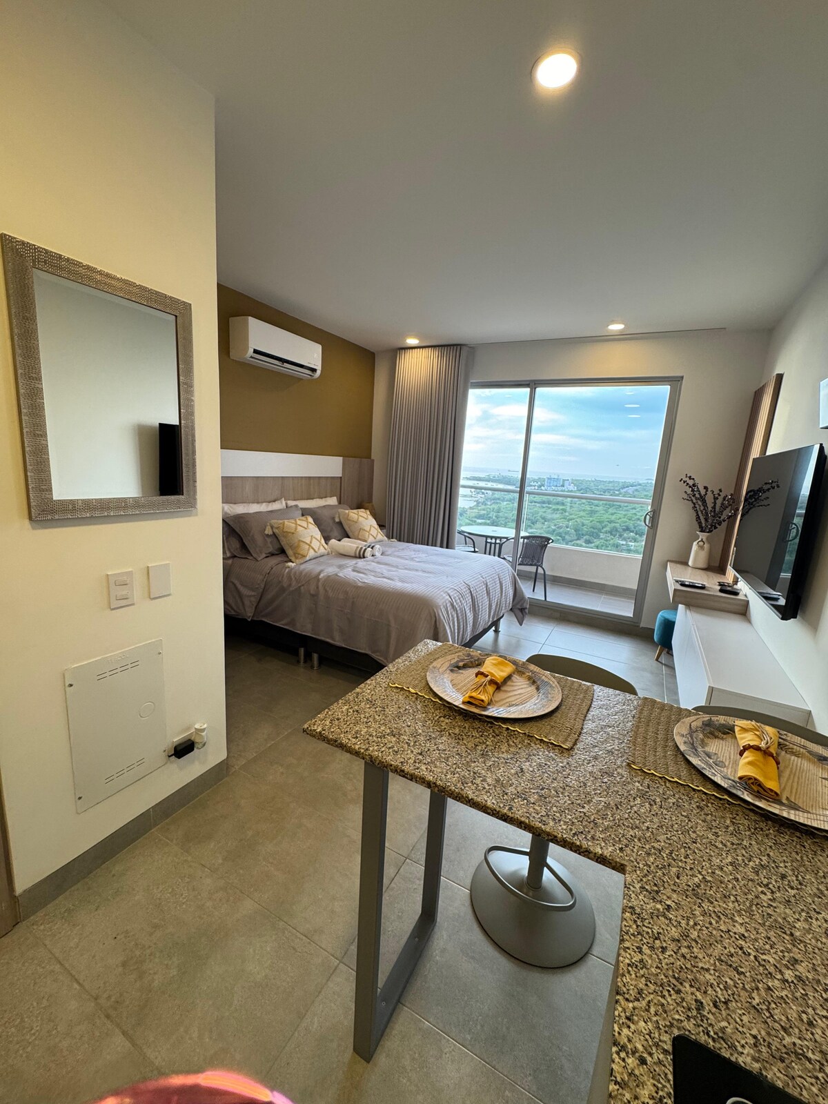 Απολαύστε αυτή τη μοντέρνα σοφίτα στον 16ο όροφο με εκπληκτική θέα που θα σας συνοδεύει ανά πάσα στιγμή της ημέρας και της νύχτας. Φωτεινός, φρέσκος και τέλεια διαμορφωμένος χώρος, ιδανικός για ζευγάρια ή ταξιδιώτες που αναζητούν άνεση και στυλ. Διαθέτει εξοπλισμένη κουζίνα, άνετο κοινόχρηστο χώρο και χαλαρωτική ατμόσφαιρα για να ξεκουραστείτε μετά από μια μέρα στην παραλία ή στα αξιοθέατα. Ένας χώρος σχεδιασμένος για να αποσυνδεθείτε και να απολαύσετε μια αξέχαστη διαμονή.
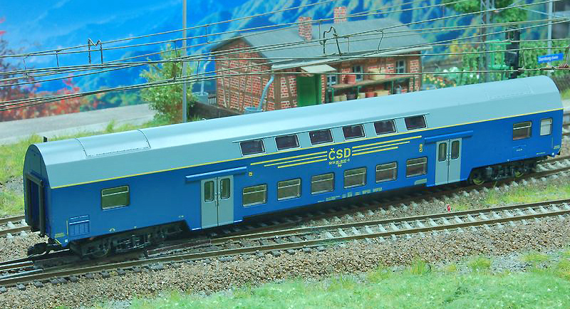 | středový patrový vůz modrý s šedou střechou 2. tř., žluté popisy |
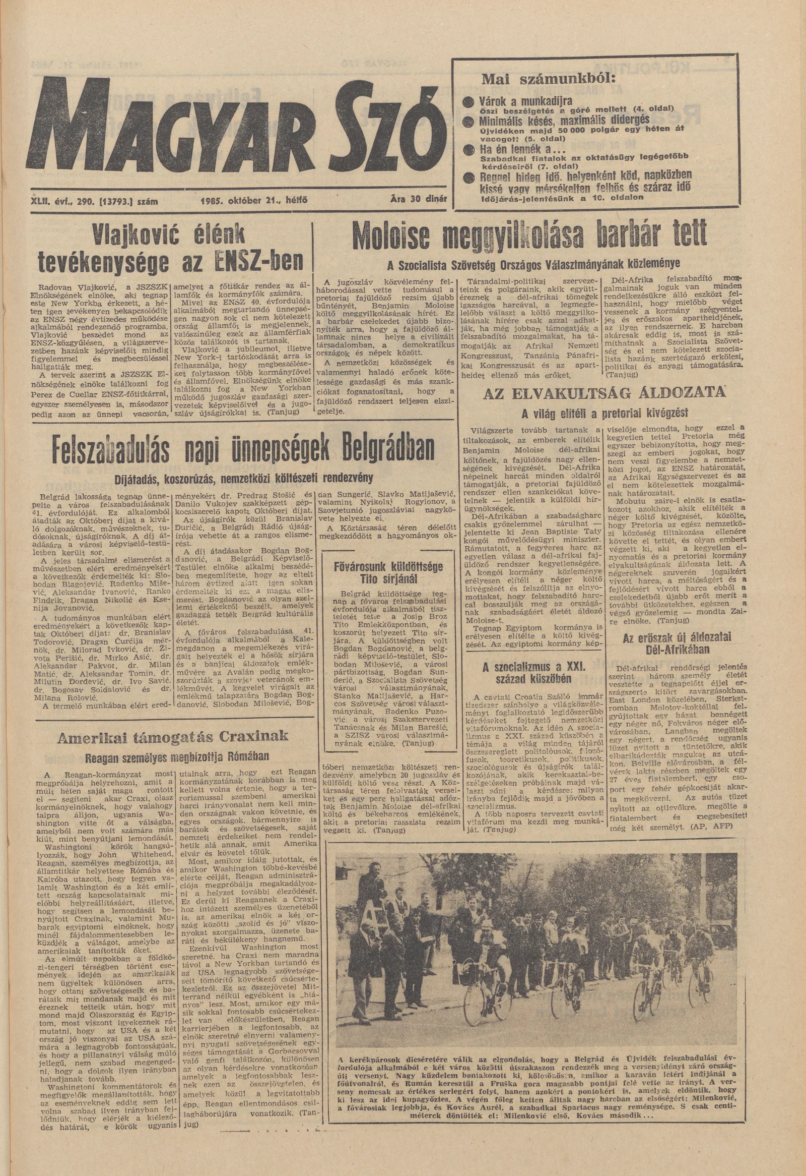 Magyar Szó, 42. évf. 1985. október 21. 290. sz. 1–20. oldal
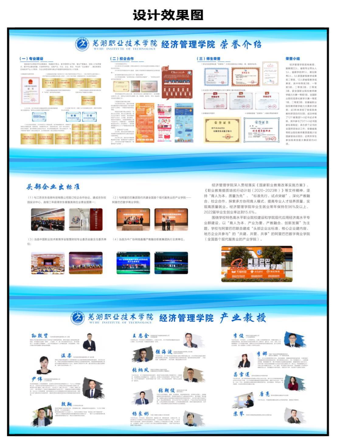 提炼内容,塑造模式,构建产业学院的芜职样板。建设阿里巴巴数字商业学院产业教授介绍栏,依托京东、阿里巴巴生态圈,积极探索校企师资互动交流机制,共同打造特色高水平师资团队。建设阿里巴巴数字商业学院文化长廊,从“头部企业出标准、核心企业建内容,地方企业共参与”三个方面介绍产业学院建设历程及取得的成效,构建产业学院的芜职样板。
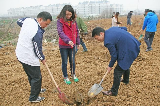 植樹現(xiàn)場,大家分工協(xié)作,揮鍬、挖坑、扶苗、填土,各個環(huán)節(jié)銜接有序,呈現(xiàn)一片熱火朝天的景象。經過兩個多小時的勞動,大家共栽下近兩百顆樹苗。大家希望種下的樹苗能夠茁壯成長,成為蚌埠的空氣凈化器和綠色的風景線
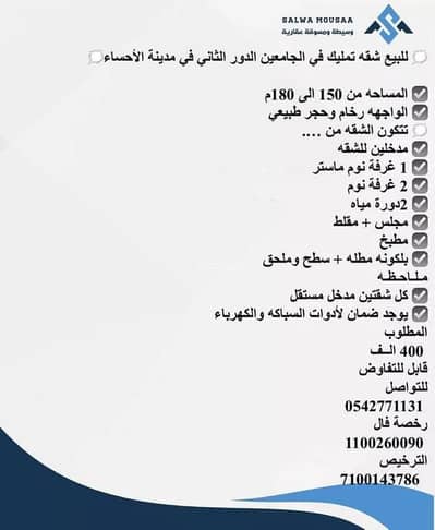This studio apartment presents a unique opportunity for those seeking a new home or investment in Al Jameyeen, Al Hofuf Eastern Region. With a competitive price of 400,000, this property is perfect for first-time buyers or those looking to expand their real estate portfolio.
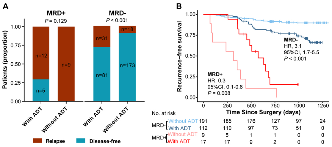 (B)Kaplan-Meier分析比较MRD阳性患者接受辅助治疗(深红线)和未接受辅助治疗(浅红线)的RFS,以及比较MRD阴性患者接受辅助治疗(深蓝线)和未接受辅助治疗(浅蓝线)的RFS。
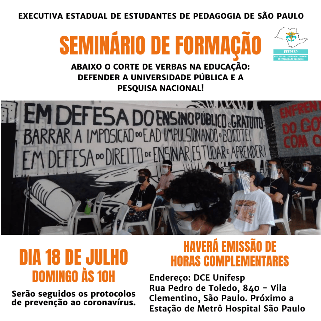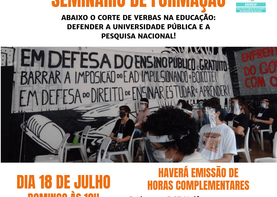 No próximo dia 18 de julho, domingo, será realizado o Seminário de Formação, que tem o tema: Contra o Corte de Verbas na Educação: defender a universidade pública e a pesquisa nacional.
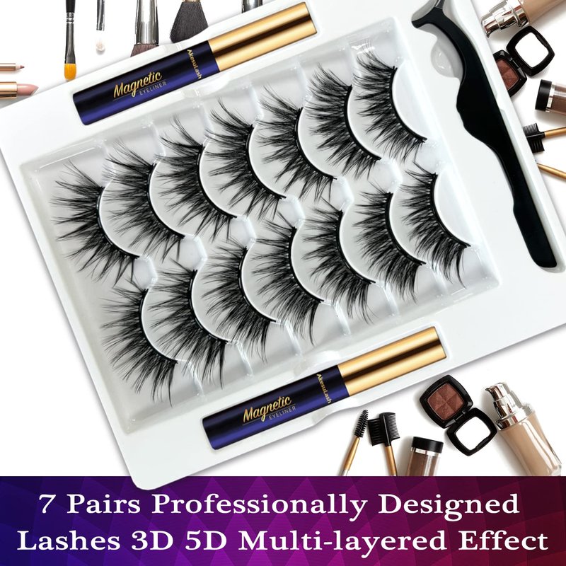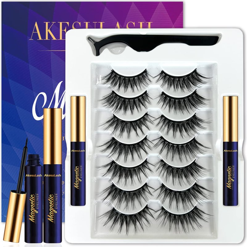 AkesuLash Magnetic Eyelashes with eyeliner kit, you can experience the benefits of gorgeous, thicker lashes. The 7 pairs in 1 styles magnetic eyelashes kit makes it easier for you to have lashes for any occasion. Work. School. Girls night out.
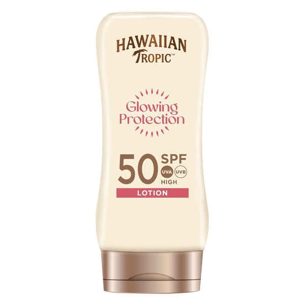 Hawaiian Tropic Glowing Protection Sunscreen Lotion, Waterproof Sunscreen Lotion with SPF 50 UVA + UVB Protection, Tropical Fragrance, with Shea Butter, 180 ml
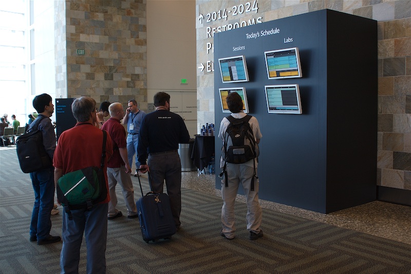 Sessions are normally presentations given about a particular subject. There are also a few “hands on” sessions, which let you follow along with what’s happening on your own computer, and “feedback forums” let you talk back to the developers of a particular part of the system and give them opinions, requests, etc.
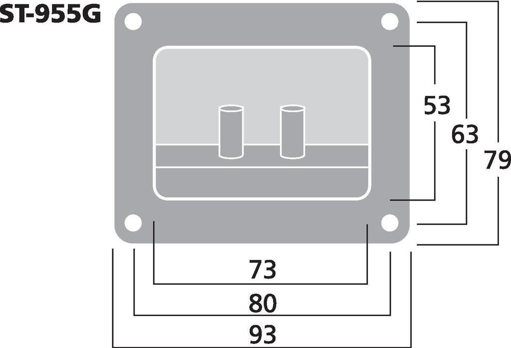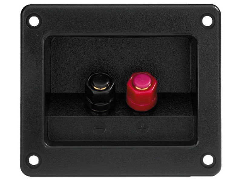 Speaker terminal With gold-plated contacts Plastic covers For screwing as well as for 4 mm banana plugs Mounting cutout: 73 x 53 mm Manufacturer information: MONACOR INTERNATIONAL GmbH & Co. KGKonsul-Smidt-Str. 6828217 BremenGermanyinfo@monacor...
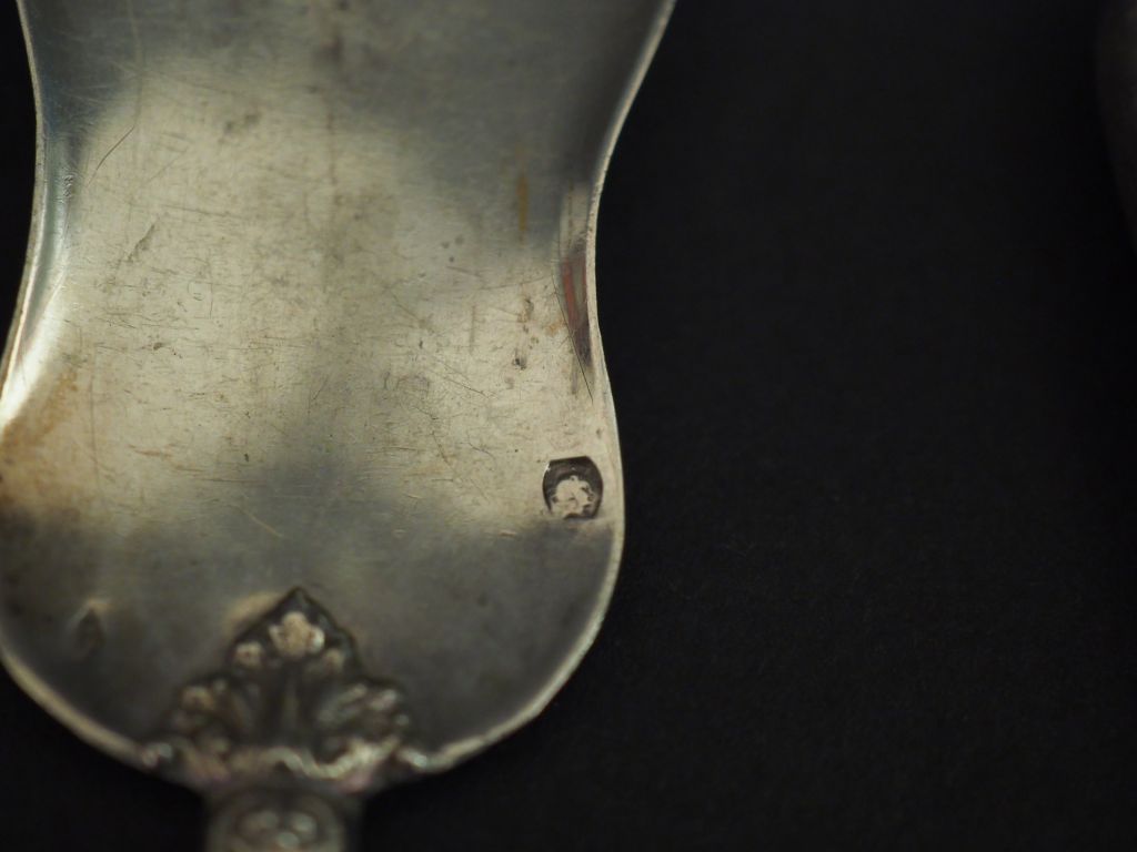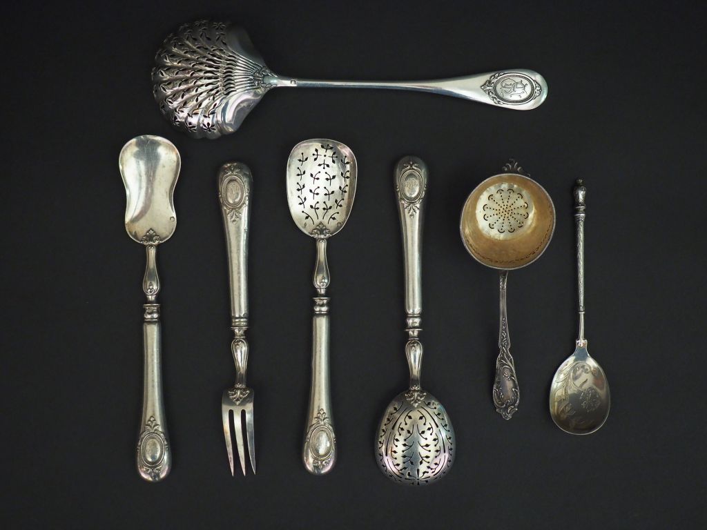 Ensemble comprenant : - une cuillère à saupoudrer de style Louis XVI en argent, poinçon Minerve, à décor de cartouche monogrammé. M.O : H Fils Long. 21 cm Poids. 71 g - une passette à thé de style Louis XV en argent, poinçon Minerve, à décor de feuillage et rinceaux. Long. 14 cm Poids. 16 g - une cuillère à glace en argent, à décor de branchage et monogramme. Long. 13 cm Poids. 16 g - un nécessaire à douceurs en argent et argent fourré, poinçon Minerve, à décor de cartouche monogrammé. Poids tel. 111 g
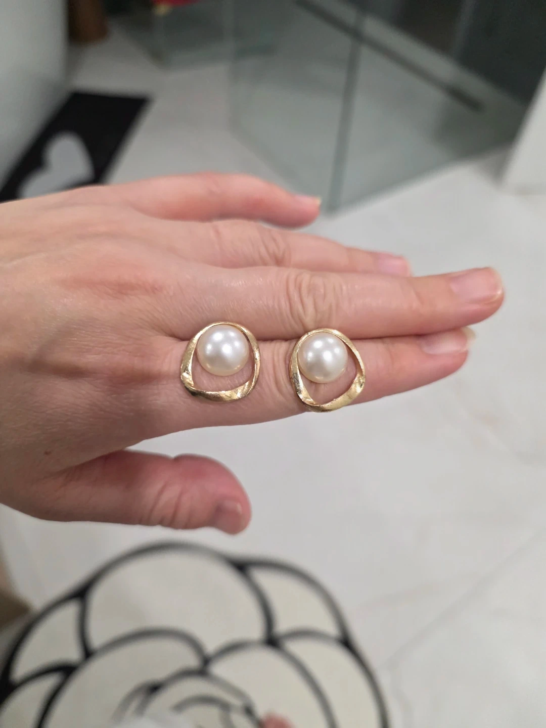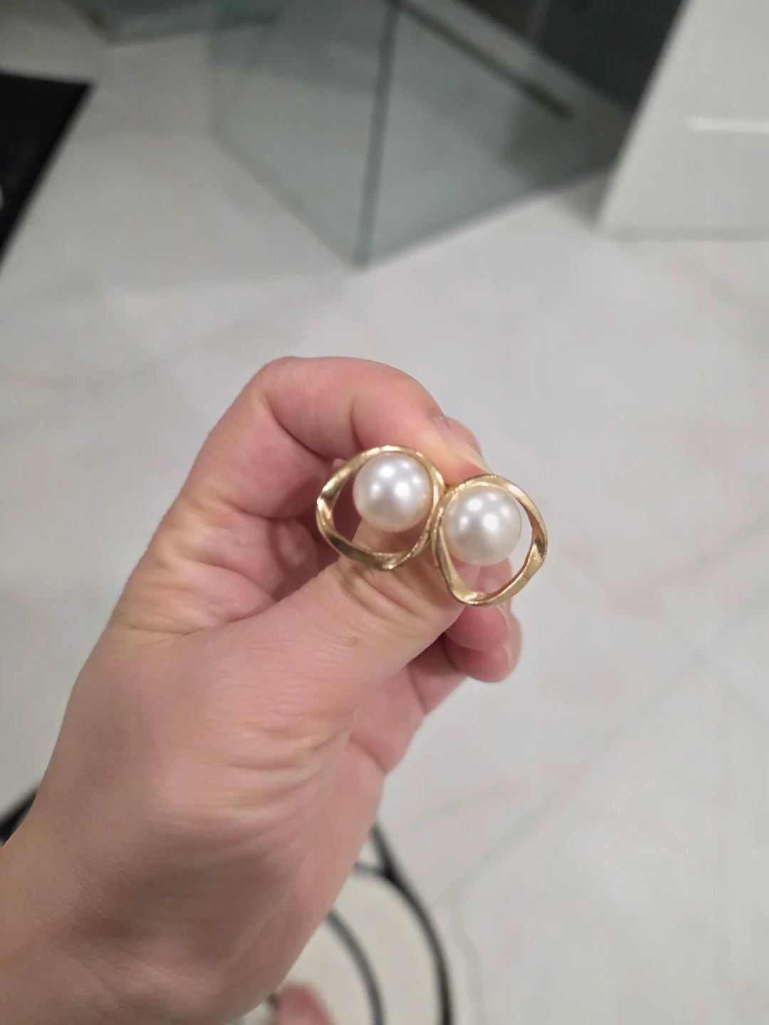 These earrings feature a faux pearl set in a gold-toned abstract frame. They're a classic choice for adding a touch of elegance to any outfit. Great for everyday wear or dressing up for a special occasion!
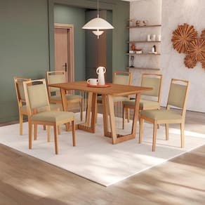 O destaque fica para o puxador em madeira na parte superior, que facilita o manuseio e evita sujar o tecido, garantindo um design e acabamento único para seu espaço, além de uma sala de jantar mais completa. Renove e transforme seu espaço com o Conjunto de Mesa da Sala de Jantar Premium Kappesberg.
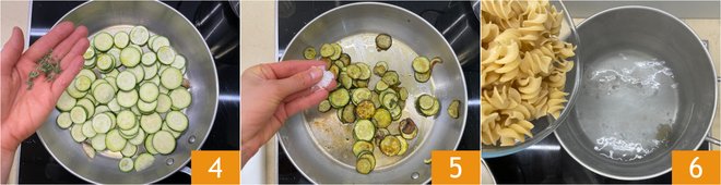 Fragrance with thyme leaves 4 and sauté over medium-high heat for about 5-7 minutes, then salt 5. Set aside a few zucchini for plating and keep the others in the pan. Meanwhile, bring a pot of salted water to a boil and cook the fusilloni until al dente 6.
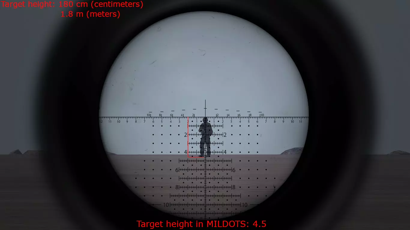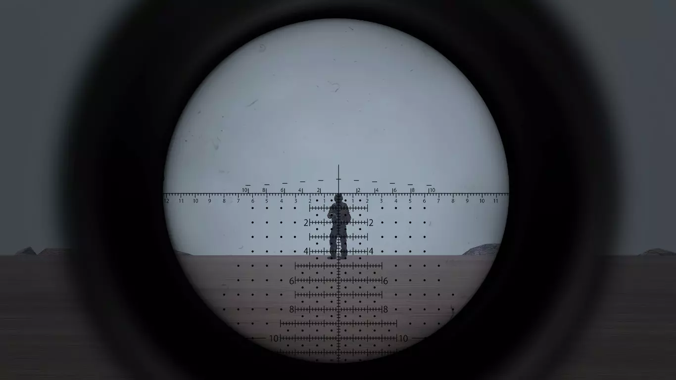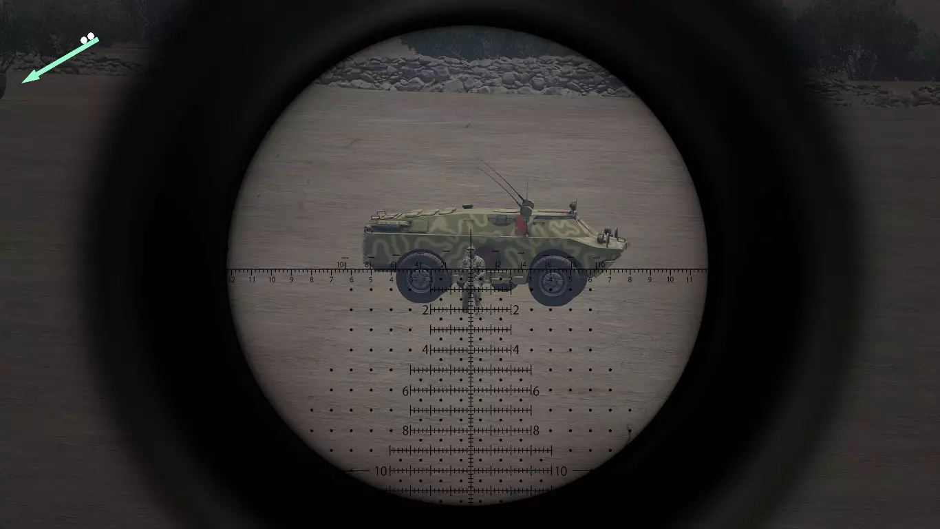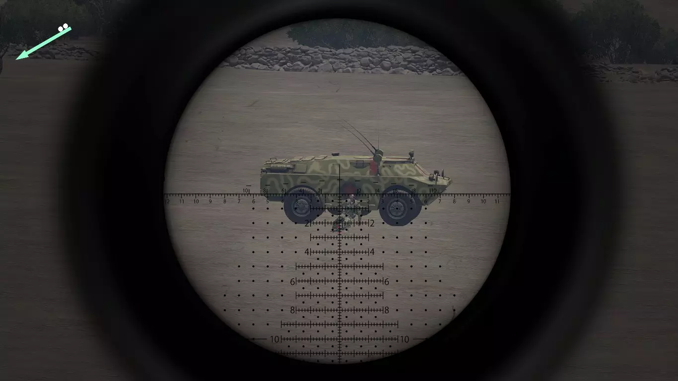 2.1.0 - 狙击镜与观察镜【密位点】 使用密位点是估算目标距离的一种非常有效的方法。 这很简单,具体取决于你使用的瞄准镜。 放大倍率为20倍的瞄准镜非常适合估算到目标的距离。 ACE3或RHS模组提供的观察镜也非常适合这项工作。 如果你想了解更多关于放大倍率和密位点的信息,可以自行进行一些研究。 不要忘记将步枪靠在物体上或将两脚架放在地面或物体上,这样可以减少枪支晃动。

▸ TASK DESCRIPTION:
Output exactly, and only, the lines of the entries above from the one with "Hawaiian Tropic Glowing" up to and including the one with "O destaque fica"; pictures are to be left out.

▸ TASK RESPONSE:
 Hawaiian Tropic Glowing Protection Sunscreen Lotion, Waterproof Sunscreen Lotion with SPF 50 UVA + UVB Protection, Tropical Fragrance, with Shea Butter, 180 ml
 Sessions are normally presentations given about a particular subject. There are also a few “hands on” sessions, which let you follow along with what’s happening on your own computer, and “feedback forums” let you talk back to the developers of a particular part of the system and give them opinions, requests, etc.
 Speaker terminal With gold-plated contacts Plastic covers For screwing as well as for 4 mm banana plugs Mounting cutout: 73 x 53 mm Manufacturer information: MONACOR INTERNATIONAL GmbH & Co. KGKonsul-Smidt-Str. 6828217 BremenGermanyinfo@monacor...
 Ensemble comprenant : - une cuillère à saupoudrer de style Louis XVI en argent, poinçon Minerve, à décor de cartouche monogrammé. M.O : H Fils Long. 21 cm Poids. 71 g - une passette à thé de style Louis XV en argent, poinçon Minerve, à décor de feuillage et rinceaux. Long. 14 cm Poids. 16 g - une cuillère à glace en argent, à décor de branchage et monogramme. Long. 13 cm Poids. 16 g - un nécessaire à douceurs en argent et argent fourré, poinçon Minerve, à décor de cartouche monogrammé. Poids tel. 111 g
 These earrings feature a faux pearl set in a gold-toned abstract frame. They're a classic choice for adding a touch of elegance to any outfit. Great for everyday wear or dressing up for a special occasion!
 O destaque fica para o puxador em madeira na parte superior, que facilita o manuseio e evita sujar o tecido, garantindo um design e acabamento único para seu espaço, além de uma sala de jantar mais completa. Renove e transforme seu espaço com o Conjunto de Mesa da Sala de Jantar Premium Kappesberg.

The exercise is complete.